**Assignment**
Write out, exactly and only, the lines that run from the top of the records to the line with "1年後、小森さんは調べたこと". Include both ends; exclude pictures.

**Collected data entries**
------------

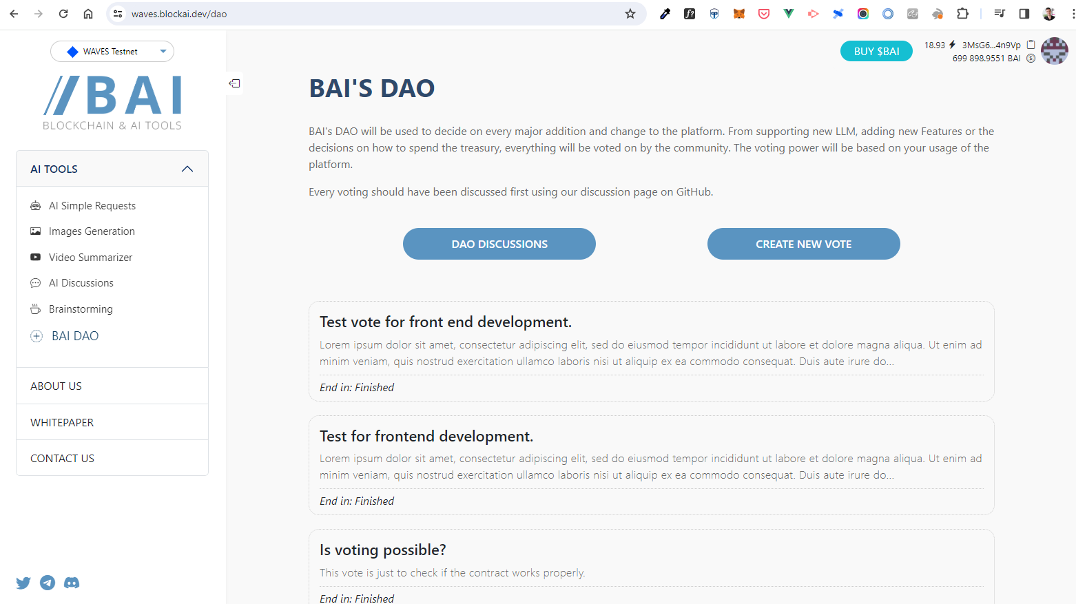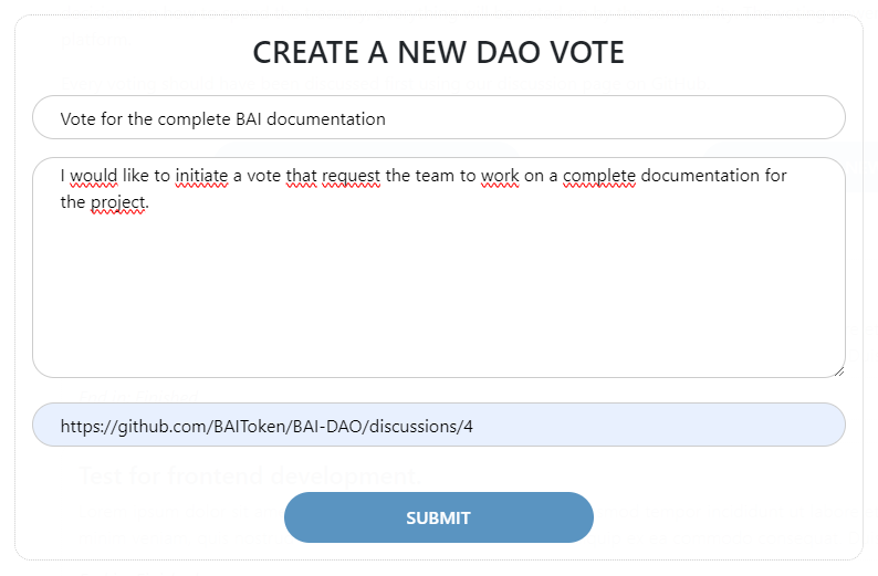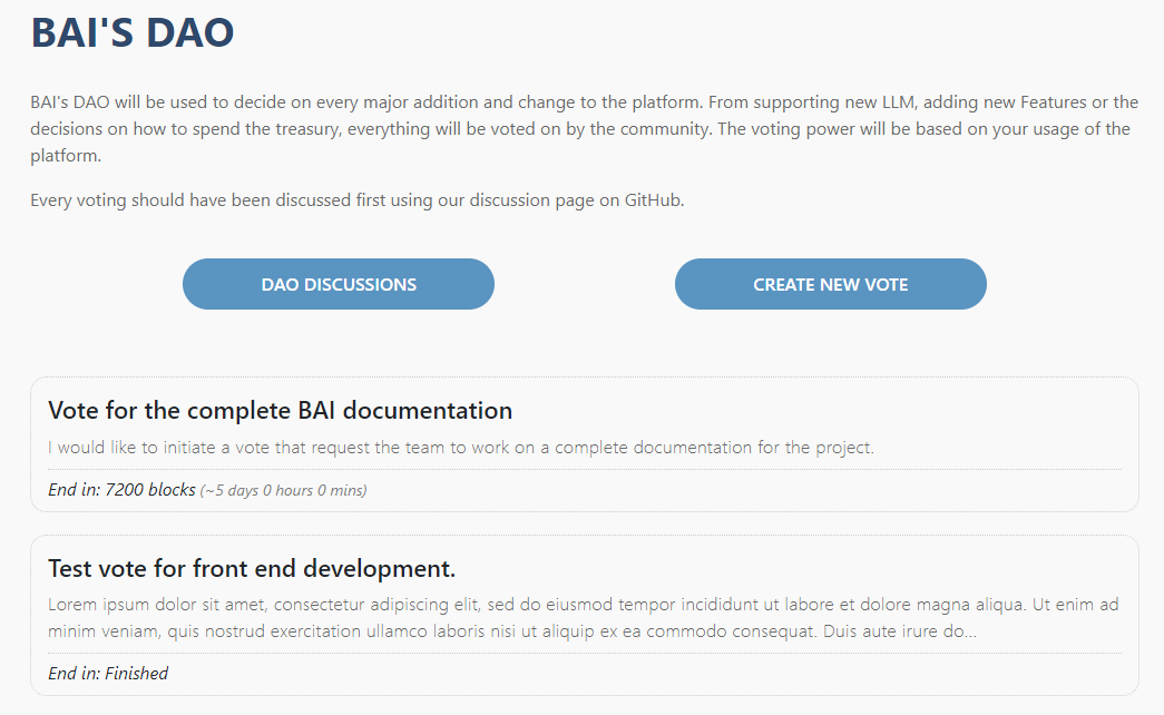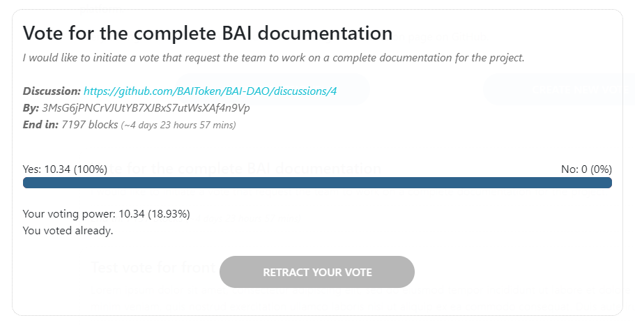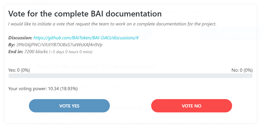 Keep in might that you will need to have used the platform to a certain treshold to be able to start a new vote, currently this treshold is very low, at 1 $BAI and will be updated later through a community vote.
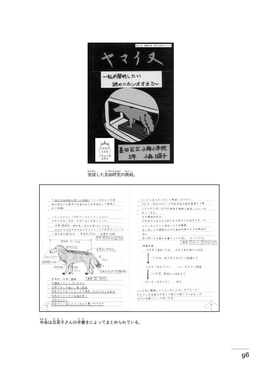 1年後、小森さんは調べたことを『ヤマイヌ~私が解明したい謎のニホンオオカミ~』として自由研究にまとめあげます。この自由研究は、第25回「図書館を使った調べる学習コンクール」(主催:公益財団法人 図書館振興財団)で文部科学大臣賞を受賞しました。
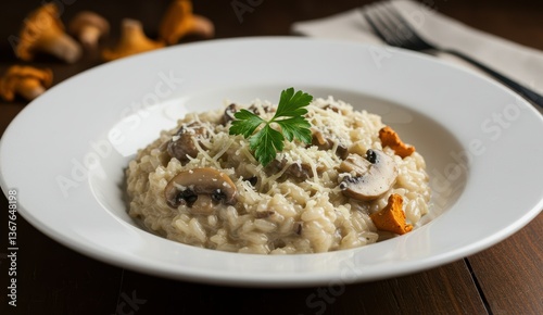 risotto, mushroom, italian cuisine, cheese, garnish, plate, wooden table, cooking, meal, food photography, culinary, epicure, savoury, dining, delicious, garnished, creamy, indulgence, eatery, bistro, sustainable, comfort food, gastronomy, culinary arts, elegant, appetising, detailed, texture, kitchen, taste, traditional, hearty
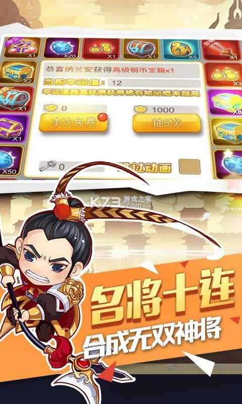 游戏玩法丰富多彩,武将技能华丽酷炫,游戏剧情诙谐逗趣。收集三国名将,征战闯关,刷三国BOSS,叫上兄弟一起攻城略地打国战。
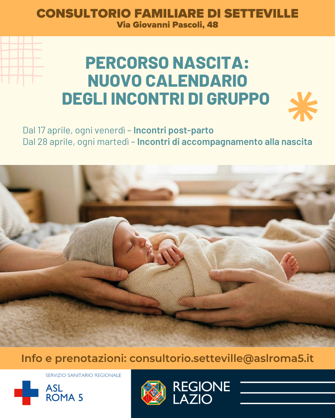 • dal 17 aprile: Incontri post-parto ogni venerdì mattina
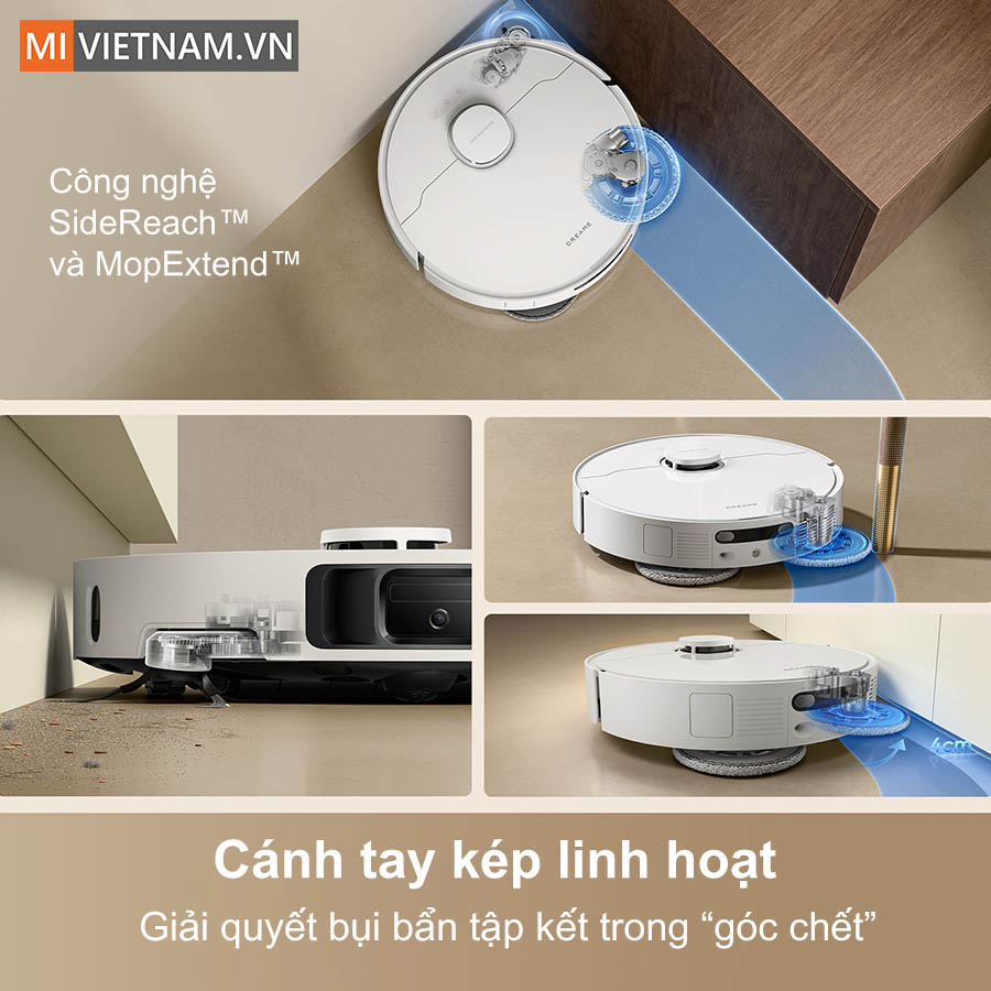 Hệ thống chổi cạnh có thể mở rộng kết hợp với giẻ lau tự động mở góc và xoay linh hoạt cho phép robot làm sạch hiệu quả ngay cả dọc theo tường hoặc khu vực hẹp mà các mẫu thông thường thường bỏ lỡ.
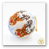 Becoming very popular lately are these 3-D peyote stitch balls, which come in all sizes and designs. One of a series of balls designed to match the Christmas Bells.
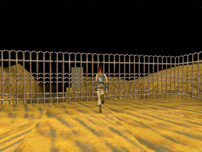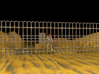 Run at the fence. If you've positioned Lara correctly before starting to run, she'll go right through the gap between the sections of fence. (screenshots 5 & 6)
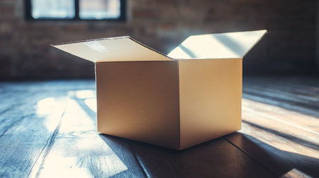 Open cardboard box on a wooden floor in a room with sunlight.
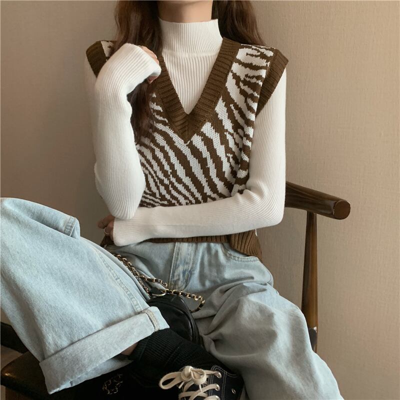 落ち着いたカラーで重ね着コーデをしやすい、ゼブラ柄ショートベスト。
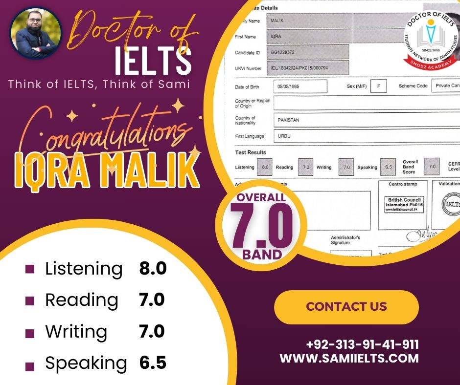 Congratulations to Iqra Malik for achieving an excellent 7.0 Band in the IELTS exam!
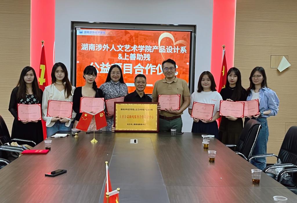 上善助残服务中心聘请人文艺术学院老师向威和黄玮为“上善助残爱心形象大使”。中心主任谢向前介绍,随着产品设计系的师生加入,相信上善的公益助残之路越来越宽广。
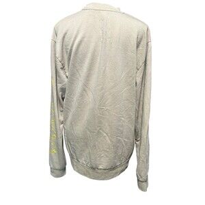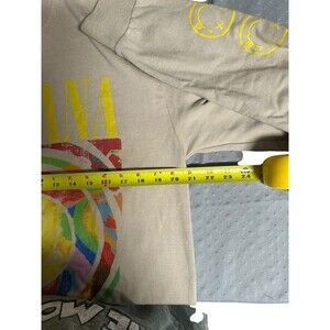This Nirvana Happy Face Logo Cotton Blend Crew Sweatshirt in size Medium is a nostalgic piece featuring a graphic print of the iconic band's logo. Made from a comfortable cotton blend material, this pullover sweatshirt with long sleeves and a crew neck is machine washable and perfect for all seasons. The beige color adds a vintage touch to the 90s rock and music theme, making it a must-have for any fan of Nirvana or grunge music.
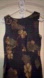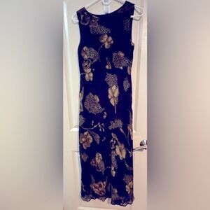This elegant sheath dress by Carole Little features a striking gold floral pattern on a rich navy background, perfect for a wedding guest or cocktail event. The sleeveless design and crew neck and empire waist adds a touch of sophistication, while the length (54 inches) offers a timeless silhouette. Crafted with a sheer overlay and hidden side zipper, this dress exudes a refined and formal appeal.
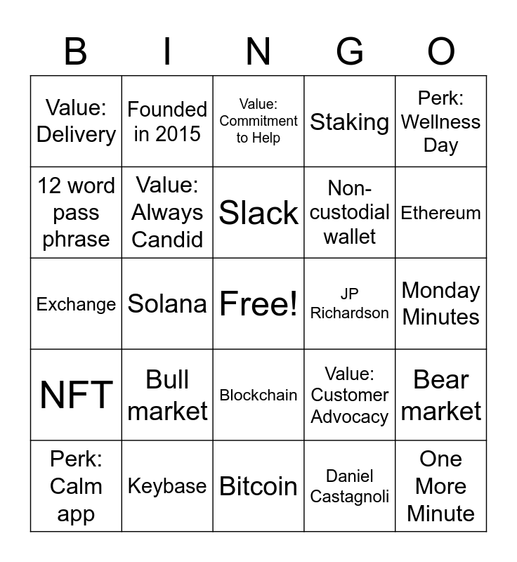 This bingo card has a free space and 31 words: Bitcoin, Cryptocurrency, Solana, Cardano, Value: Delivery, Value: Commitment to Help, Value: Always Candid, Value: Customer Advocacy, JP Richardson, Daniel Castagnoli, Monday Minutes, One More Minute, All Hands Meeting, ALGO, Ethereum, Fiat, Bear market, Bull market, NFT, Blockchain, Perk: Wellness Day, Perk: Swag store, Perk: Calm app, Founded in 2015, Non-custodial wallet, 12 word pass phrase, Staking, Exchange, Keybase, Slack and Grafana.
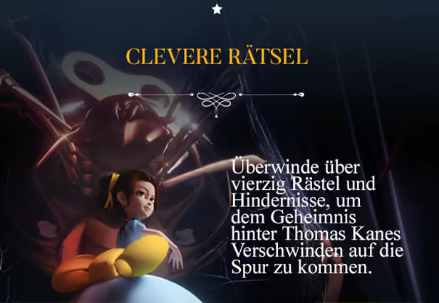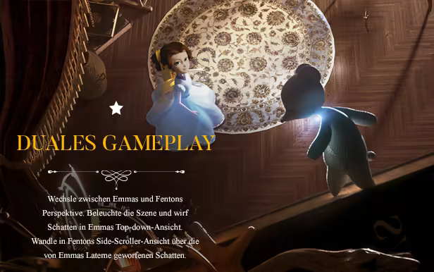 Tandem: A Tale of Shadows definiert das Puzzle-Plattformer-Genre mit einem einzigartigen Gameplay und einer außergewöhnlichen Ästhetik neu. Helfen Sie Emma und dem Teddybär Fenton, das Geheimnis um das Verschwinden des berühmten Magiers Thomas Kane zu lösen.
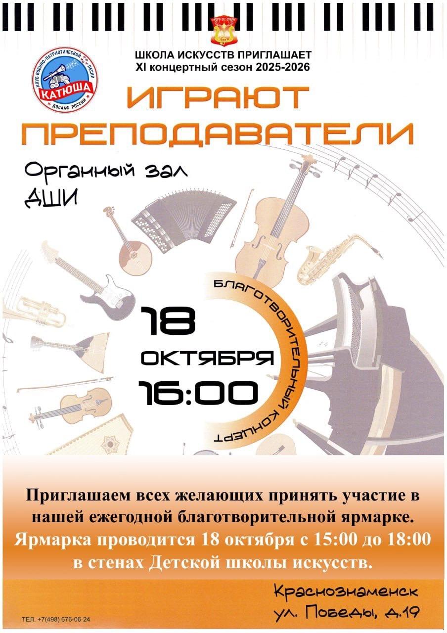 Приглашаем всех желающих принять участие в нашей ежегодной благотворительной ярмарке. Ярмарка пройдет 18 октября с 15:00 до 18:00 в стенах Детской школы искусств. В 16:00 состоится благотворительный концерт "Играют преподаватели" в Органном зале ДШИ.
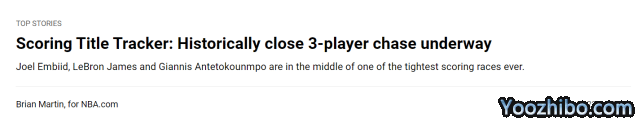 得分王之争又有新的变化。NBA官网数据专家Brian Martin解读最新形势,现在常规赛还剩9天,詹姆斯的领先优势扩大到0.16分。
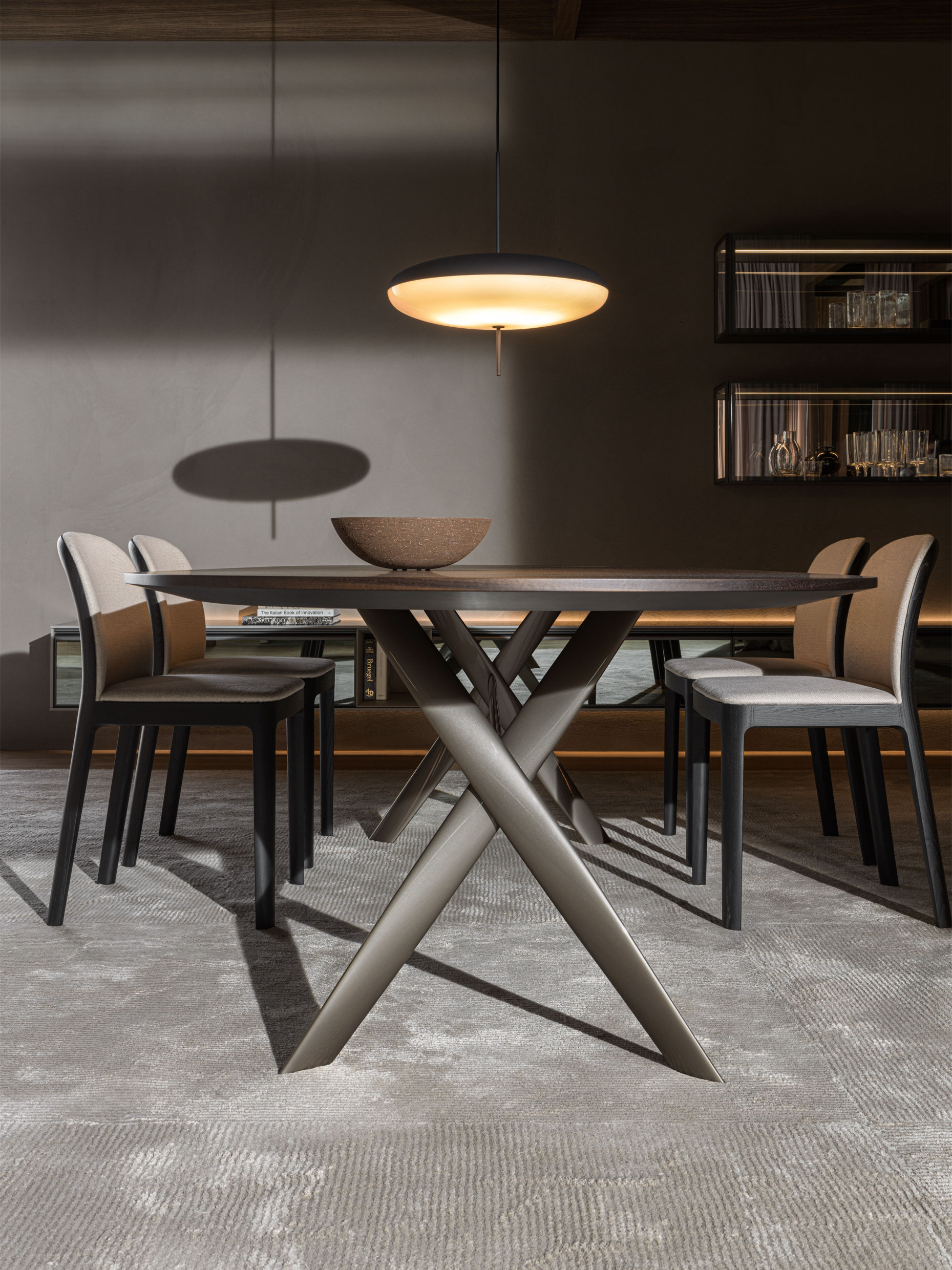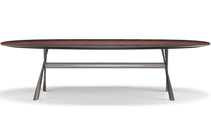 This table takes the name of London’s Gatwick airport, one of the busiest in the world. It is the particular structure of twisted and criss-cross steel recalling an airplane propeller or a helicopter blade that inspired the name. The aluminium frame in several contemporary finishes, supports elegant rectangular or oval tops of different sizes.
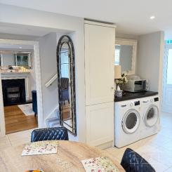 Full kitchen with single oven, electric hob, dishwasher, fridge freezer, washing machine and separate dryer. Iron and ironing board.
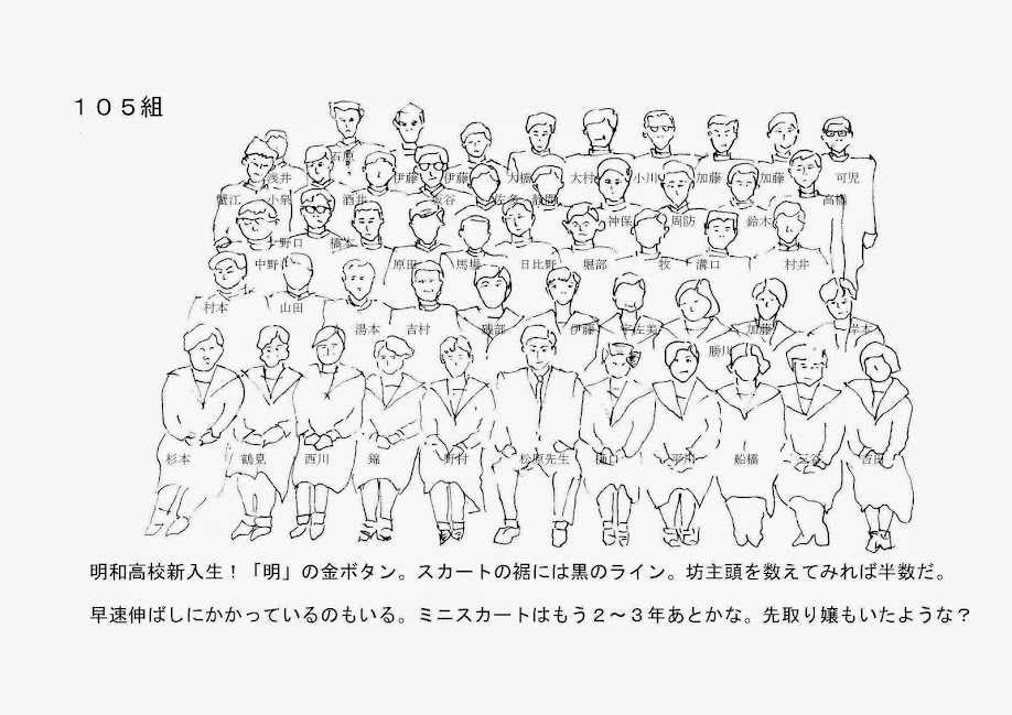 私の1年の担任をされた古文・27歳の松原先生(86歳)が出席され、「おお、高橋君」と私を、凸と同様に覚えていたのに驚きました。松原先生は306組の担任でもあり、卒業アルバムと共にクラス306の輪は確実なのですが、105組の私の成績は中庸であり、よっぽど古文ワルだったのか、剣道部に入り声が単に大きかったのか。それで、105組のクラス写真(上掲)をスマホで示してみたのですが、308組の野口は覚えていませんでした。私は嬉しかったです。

------------

**Written answer**
 Keep in might that you will need to have used the platform to a certain treshold to be able to start a new vote, currently this treshold is very low, at 1 $BAI and will be updated later through a community vote.
 1年後、小森さんは調べたことを『ヤマイヌ~私が解明したい謎のニホンオオカミ~』として自由研究にまとめあげます。この自由研究は、第25回「図書館を使った調べる学習コンクール」(主催:公益財団法人 図書館振興財団)で文部科学大臣賞を受賞しました。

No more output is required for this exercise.